* **AIM OF THE EXERCISE**: Repeat only the lines below that run from the line with "Demonstration videos are" to the line with "Picture2.SDS1202X-E super phosphor", ends included; skip every picture.
▽
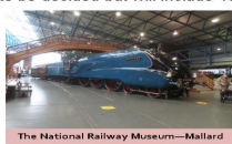
The National Railway Museum—Mallard
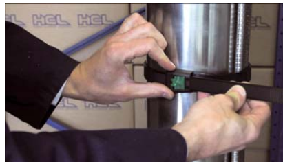
Smart Tie™ and SM-FT-2000-19 Hand Tool

Demonstration videos are available to view on our website.
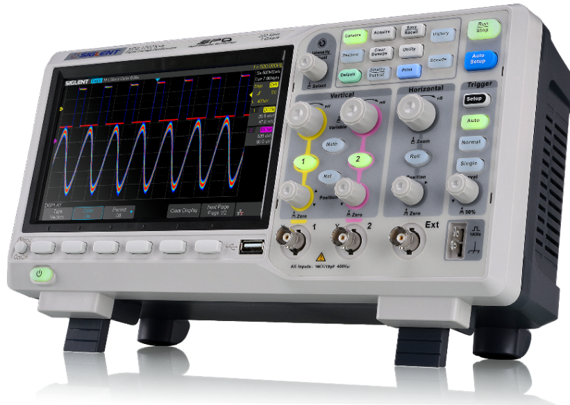
Picture2.SDS1202X-E super phosphor oscilloscope

In the RF field, SIGLENT showcased the new SSG3000X. It is a RF signal source whose high-purity phase noise is -110 dBc/Hz. This type of signal source supports multiple modulation methods and a web-browser based remote control interface making it an ideal choice for electronic testing in many fields such as EMC susceptibility/immunity, wireless communications, IoT (the Internet of Things), and automotive electronics.
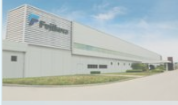
Prachinburi Factory 1
△
* **OUTPUT BELOW**:
Demonstration videos are available to view on our website.
Picture2.SDS1202X-E super phosphor oscilloscope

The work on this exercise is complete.